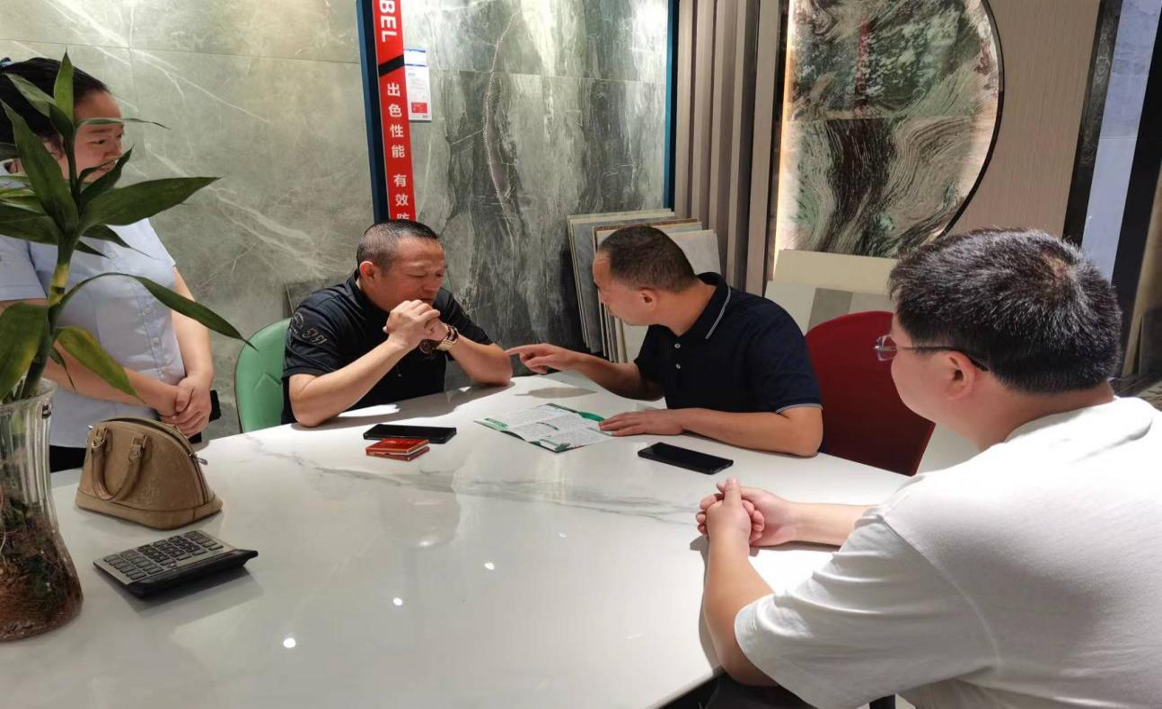 (圖為在黃家溝片區(qū)諾貝爾瓷磚賣場(chǎng)現(xiàn)場(chǎng)交流,宣傳創(chuàng)業(yè)擔(dān)保貸款政策)
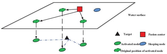 Network model (the black triangle is a moving target; the red square is the fusion center; the blue oval is the sleeping node, which is static at the water surface; the green ovals are activated nodes, which move down vertically for sensing the target according to commands from the fusion center).
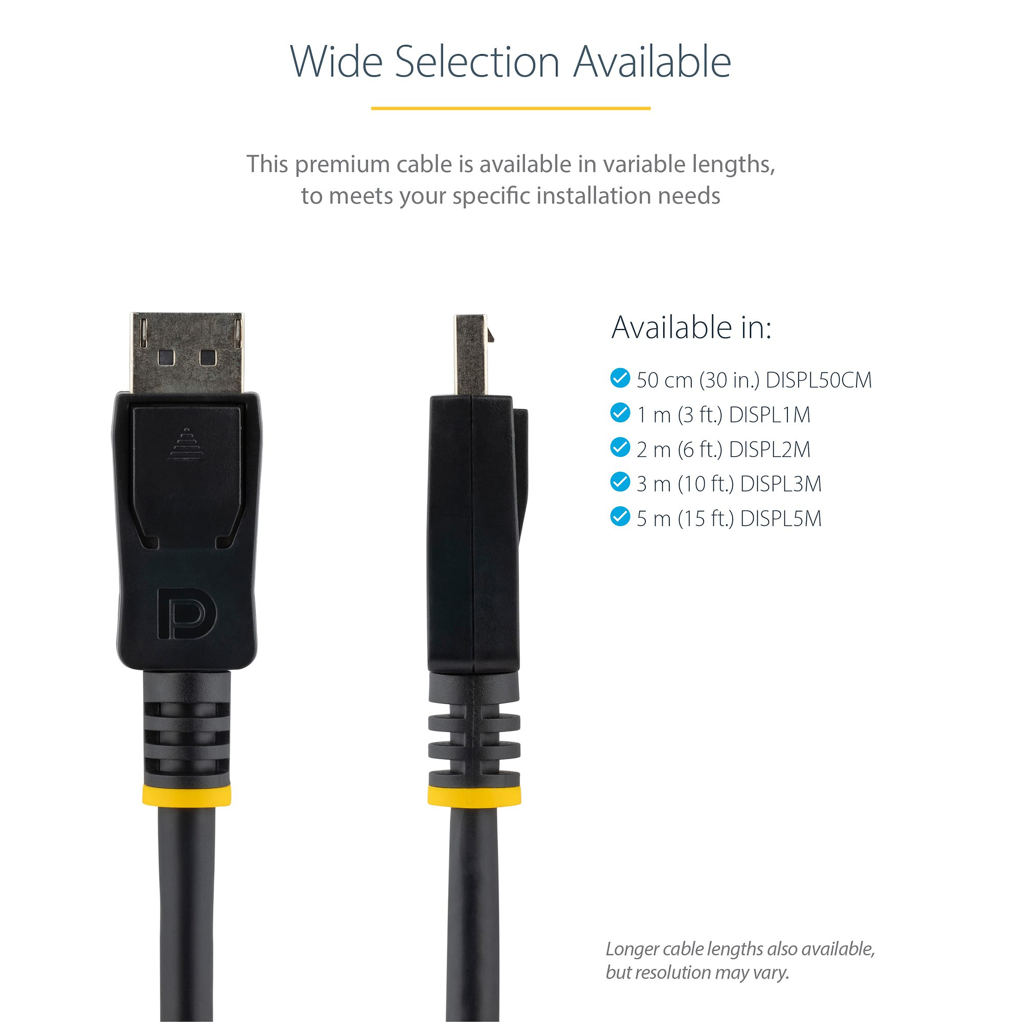 - The StarTech.com DISPL1M DisplayPort cable supports DisplayPort 1.2 standards, enabling high bandwidth for smooth video and audio transmission.

# Aim of the exercise:
Would you copy out all the data exactly, without the images?

# Reply to the task:
 (圖為在黃家溝片區(qū)諾貝爾瓷磚賣場(chǎng)現(xiàn)場(chǎng)交流,宣傳創(chuàng)業(yè)擔(dān)保貸款政策)
 Network model (the black triangle is a moving target; the red square is the fusion center; the blue oval is the sleeping node, which is static at the water surface; the green ovals are activated nodes, which move down vertically for sensing the target according to commands from the fusion center).
 - The StarTech.com DISPL1M DisplayPort cable supports DisplayPort 1.2 standards, enabling high bandwidth for smooth video and audio transmission.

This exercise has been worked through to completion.